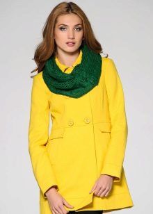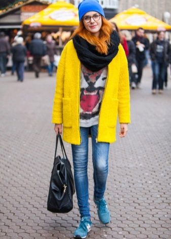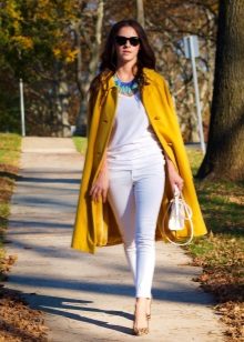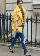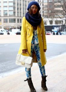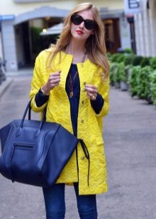 A yellow coat will harmoniously look with accessories of turquoise color. It can be bracelets, earrings, small handbags and other delicate accents.
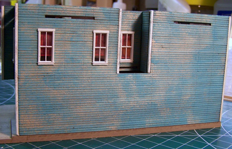I want to point out how easy it is to get a wall upside down. The small inset wall with the window, on the alley side, can be deceptive if you are not paying attention to the direction of the clapboard.  I installed the window and window dressing, and actually installed the wall upside down, mostly because I was mistakenly putting the tab slot at the top, to match the other walls.  This is incorrect, and the tab slot goes at the bottom. Fortunately I caught it before the glue set.
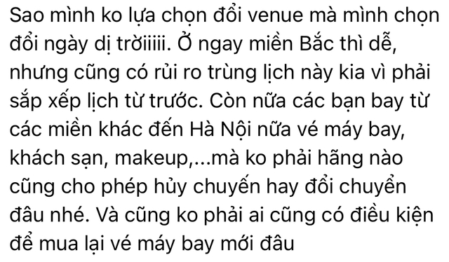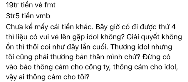 Không chỉ Hà Nội, rất nhiều fan từ các tỉnh thành trên cả nước sẽ cùng đổ dồn tới địa điểm tổ chức fan meeting theo đúng dự kiến. Giờ đây, vì chương trình bị hoãn lại quá gấp, họ khó lòng xoay xở thời gian biểu, đặc biệt là những bạn vướng lịch học hay công việc. Hơn thế nữa, nhiều người đã mua vé máy bay, trả tiền nhà ở tạm thời 1 cách phù hợp với lịch trình của họ. Việc dời lịch đột ngột như này vừa khiến họ lỡ mất kế hoạch đặt ra, vừa tốn thêm 1 khoản chi phí không nhỏ.

+ + +

The material above should be repeated word for word, with every picture omitted.

Reply:
 A yellow coat will harmoniously look with accessories of turquoise color. It can be bracelets, earrings, small handbags and other delicate accents.
I want to point out how easy it is to get a wall upside down. The small inset wall with the window, on the alley side, can be deceptive if you are not paying attention to the direction of the clapboard.  I installed the window and window dressing, and actually installed the wall upside down, mostly because I was mistakenly putting the tab slot at the top, to match the other walls.  This is incorrect, and the tab slot goes at the bottom. Fortunately I caught it before the glue set.
 Không chỉ Hà Nội, rất nhiều fan từ các tỉnh thành trên cả nước sẽ cùng đổ dồn tới địa điểm tổ chức fan meeting theo đúng dự kiến. Giờ đây, vì chương trình bị hoãn lại quá gấp, họ khó lòng xoay xở thời gian biểu, đặc biệt là những bạn vướng lịch học hay công việc. Hơn thế nữa, nhiều người đã mua vé máy bay, trả tiền nhà ở tạm thời 1 cách phù hợp với lịch trình của họ. Việc dời lịch đột ngột như này vừa khiến họ lỡ mất kế hoạch đặt ra, vừa tốn thêm 1 khoản chi phí không nhỏ.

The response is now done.